Friday, September 30, 2011

Black Swans and Baseball

Two nights ago saw what many are calling the greatest final day in the baseball season ever, seeing off the end-of-season collapses of the Boston Red Sox and Atlanta Braves. The Economist (of all places) has a nice capsule summary of what transpired, and also provides an estimate of the near-impossibility of what transpired:
Let’s rehash. There was something on the order of an 0.5% chance the Red Sox would blow their nine-game lead over the Rays, and a 2% chance the Braves would lose their seven-and-a-half-game edge over the Cardinals. Then in tonight’s matchups, there was a 13% chance the Phillies would come back to beat Atlanta, a 5% chance the Orioles would come back to beat Boston, and an 0.3% chance the Rays would come back to beat New York. Multiply it all out, and the odds of witnessing what we just witnessed were worse than one in 500m.
Writing at the FT,  Jason Abbruzzese compares such numbers to the numbers that helped to create the global financial crisis:
The statistical revolution of the last 50 years has seriously impacted both the financial markets and professional sports. The Red Sox are among the teams that have attempted to most directly embrace this numbers revolution – often called Sabermetrics, which was written about by Michael Lewis in ‘Moneyball’ – in theatres now.

In finance, computer-based trading allowed the best and brightest to set their minds to figuring out just which algorithm can take advantage of increasingly complex financial instruments.

Looking back on each of these situations, we see that these numbers are often only as good as the people they’re built on and the people who built them. Statistics didn’t predict the fatal flaws in CDOs. Indeed, it was a formula that felled Wall Street.

Statistics did not predict the history-making crash of the Boston Red Sox – widely regarded before the season by statisticians and overweight sportswriters alike as the best team in baseball.

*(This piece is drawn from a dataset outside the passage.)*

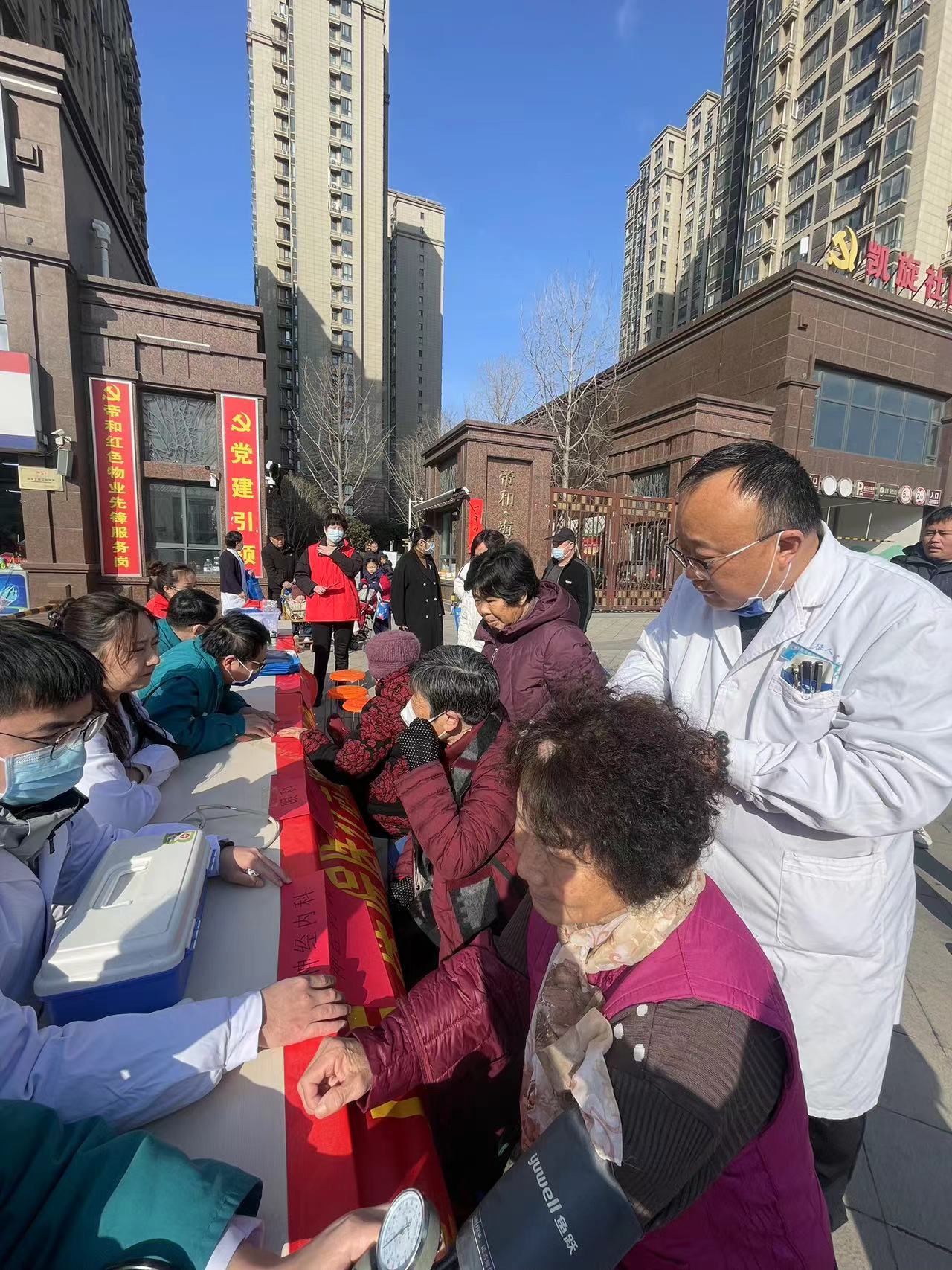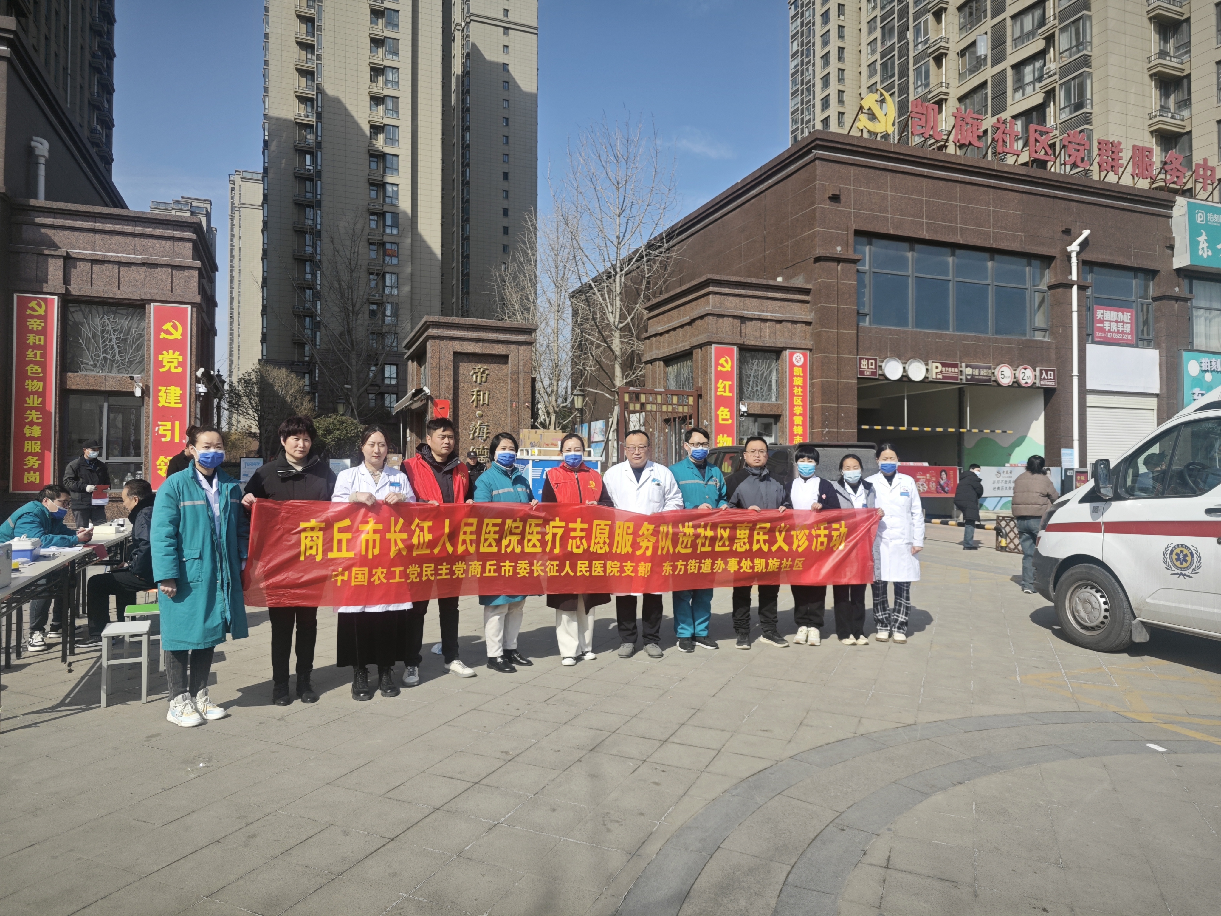 3 月 9 日,农工党商丘市委长征支部联合商丘市长征人民医院急诊科医疗队、体检科和商丘市睢阳区东方街道办事处凯旋社区,在海德公馆小区举行了义诊送温暖活动。此次义诊活动规模盛大,涉及消化内科、呼吸内科、眼科、妇科、乳腺科、普外科、骨科、心内科、神经内科、心理科、口腔科和检验科等十余个科室,为居民提供了全面的健康检查服务。

Nor could they. Statistics by their nature are backward-looking and can only give us an idea of what to expect.
But even though we know this to be the case, in the aftermath of witnessing an event that not long ago we would have dismissed as sheer fantasy, we reinterpret experience in a way that transforms the unexpected into a narrative of cause-and-effect that now makes any other outcome seem improbable from the vantage point offered by hindsight.  Again, Abbruzzese:
Down to their final out, Rays batter Dan Johnson, batting an anaemic .119 (that’s bad, cricket fans), with two strikes, launched a ball out of the park that tied a game that the Rays would go on to win.

The chances of that are small, to say the least, yet not a single person in Red Sox nation looks back at it with surprise. And that’s exactly how many of us look back at the financial crisis – it was inconceivable, but now none of us are surprised.
This dynamic is of course illustrates what Nassim Nicholas Taleb calls a black swan:
What we call here a Black Swan (and capitalize it) is an event with the following three attributes. First, it is an outlier, as it lies outside the realm of regular expectations, because nothing in the past can convincingly point to its possibility. Second, it carries an extreme impact. Third, in spite of its outlier status, human nature makes us concoct explanations for its occurrence after the fact, making it explainable and predictable.

I stop and summarize the triplet: rarity, extreme impact, and retrospective (though not prospective) predictability. A small number of Black Swans explains almost everything in our world, from the success of ideas and religions, to the dynamics of historical events, to elements of our own personal lives.
Our misperceptions of the role of chance in advance of and in the aftermath of rare events helps to explain why we some often make poor decisions, in and out of sport.